- Location: Wasco County, Oregon, United States
- Coordinates: 45°14′34″N 121°17′27″W﻿ / ﻿45.24278°N 121.29083°W
- Type: Mesotrophic reservoir
- Catchment area: 4.5 square miles (12 km^{2})
- Basin countries: United States
- Surface area: 227.1 acres (91.9 ha)
- Average depth: 21 feet (6.4 m)
- Max. depth: 60 feet (18 m)
- Water volume: 4,800 acre-feet (5,900,000 m^{3})
- Shore length^{1}: 3.2 miles (5.1 km)
- Surface elevation: 1,831 feet (558 m)

= Pine Hollow Reservoir =

Pine Hollow Reservoir is an impoundment of water from Threemile and Pine Hollow creeks on the east flank of the Cascade Range in Wasco County, Oregon, United States. The reservoir, created in the 1960s to provide water for Errol Davis mint fields, lies on private land about 12 mi west-northwest of Maupin near the boundary of the Mount Hood National Forest. Public access and fishing are permitted along most of the 3.2 mi shoreline of the reservoir.
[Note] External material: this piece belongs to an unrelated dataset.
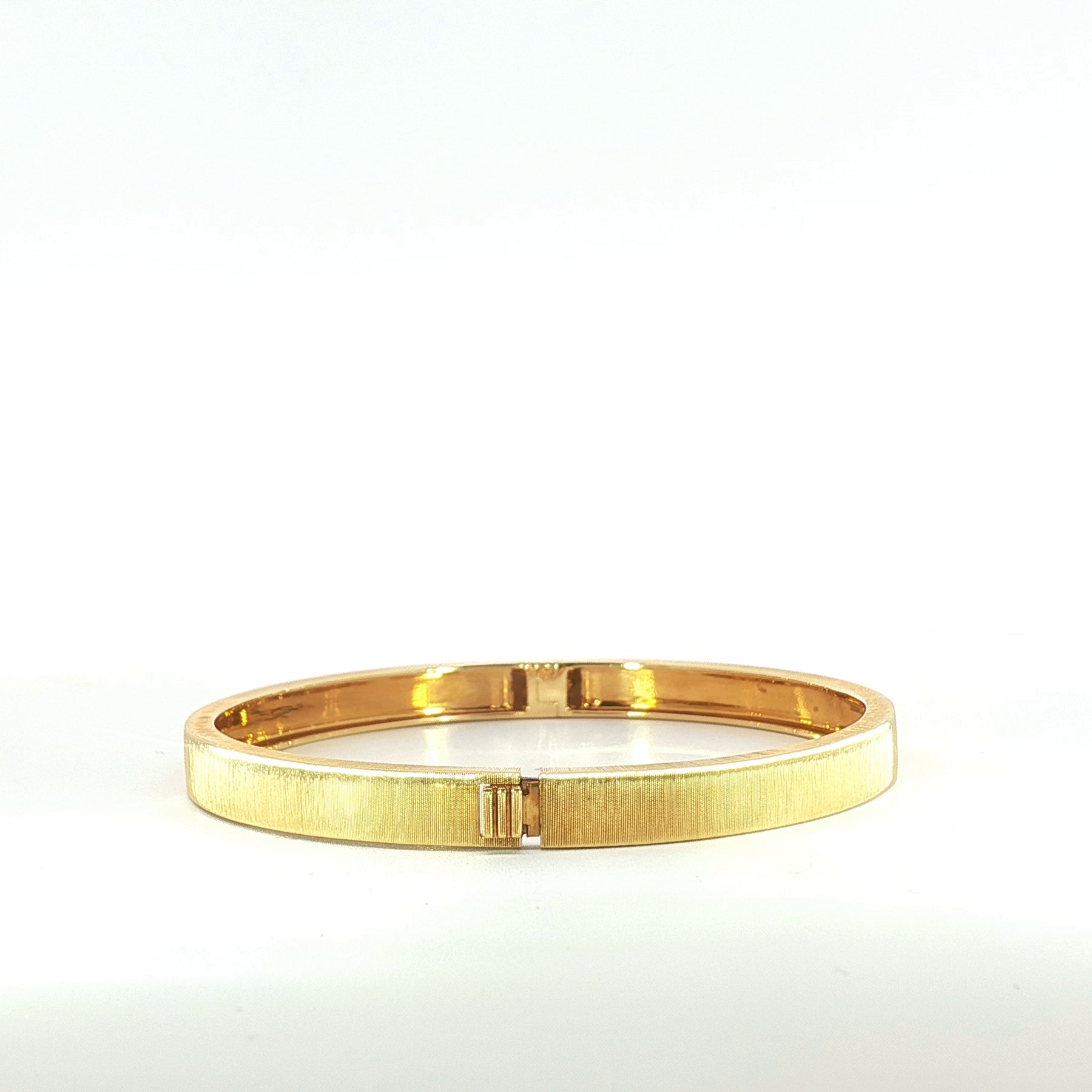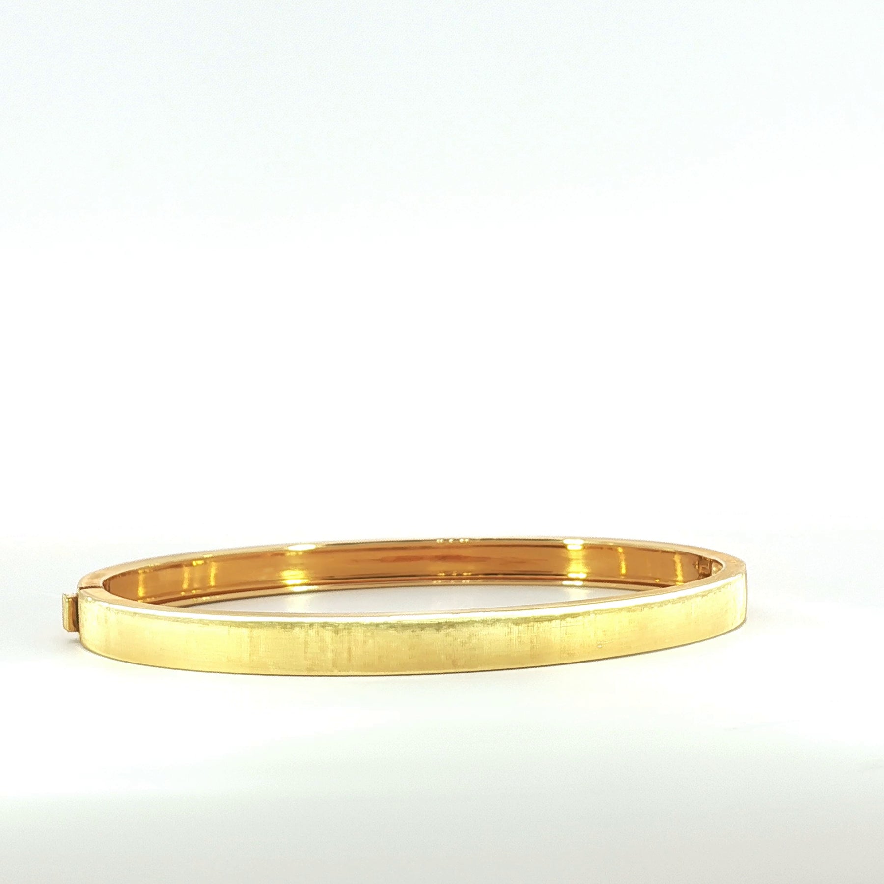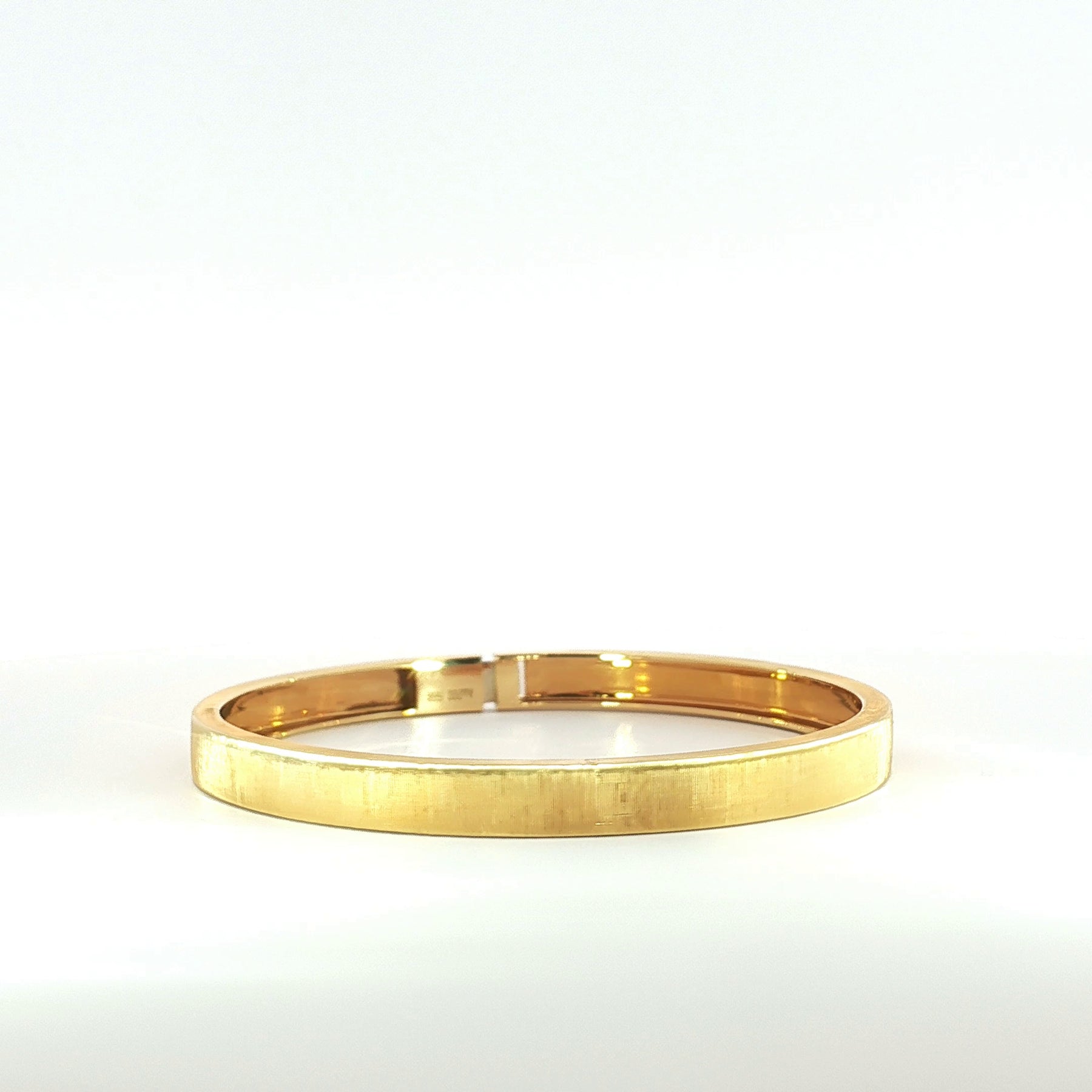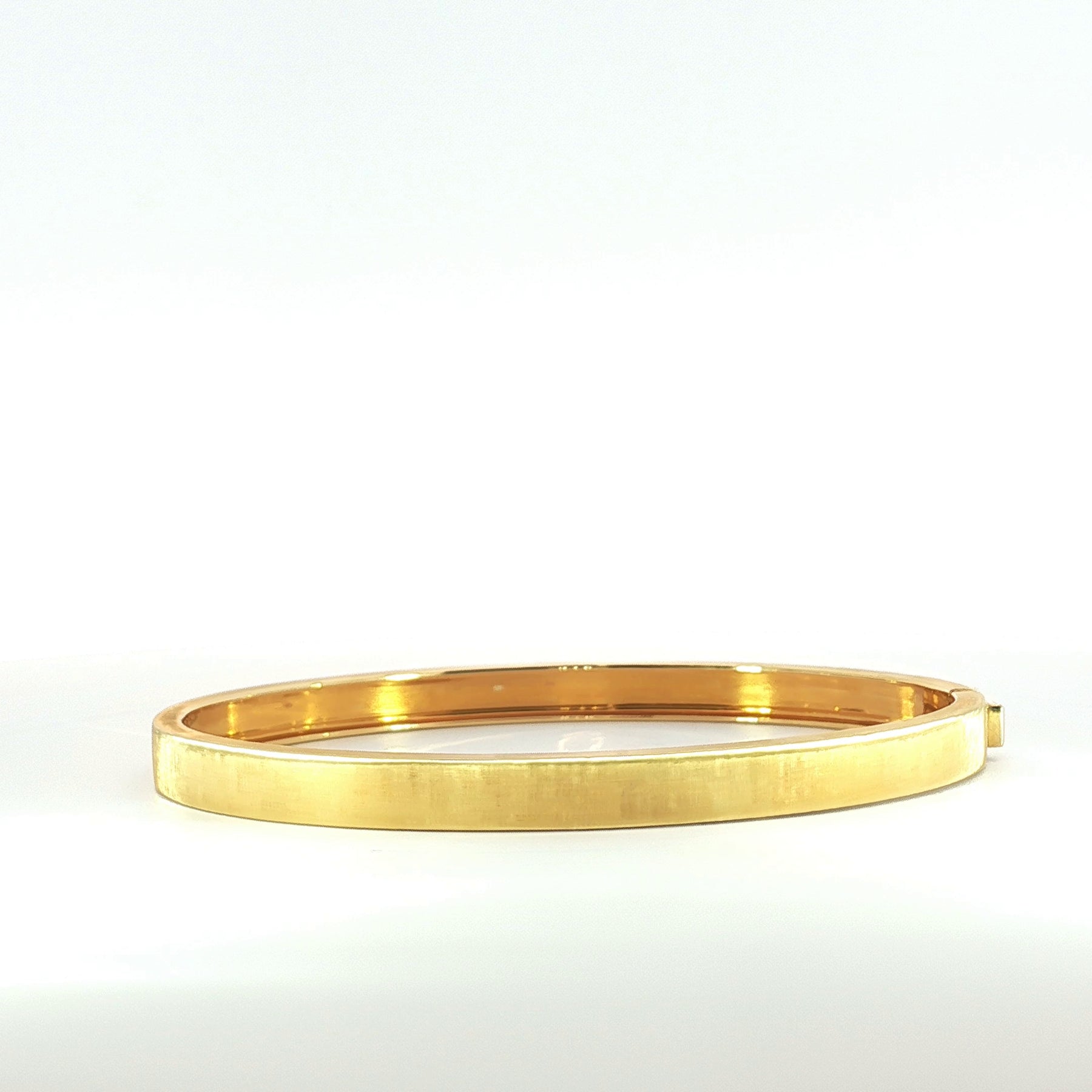 Exquisitely crafted in 18k yellow gold, this plain brushed bangle embodies understated luxury and timeless refinement.

Managed jointly by the Oregon Department of Fish and Wildlife (ODFW) and the irrigation district, the reservoir is adjacent to year-round and vacation homes, a census-designated place called Pine Hollow, but is accessible to the public via a 10 ft easement bought by the ODFW. The lake has two public boat ramps and a private resort with a campground, boat rentals, and a general store. Fish species that thrive in the reservoir include rainbow trout, brown bullheads, largemouth bass, and bluegills.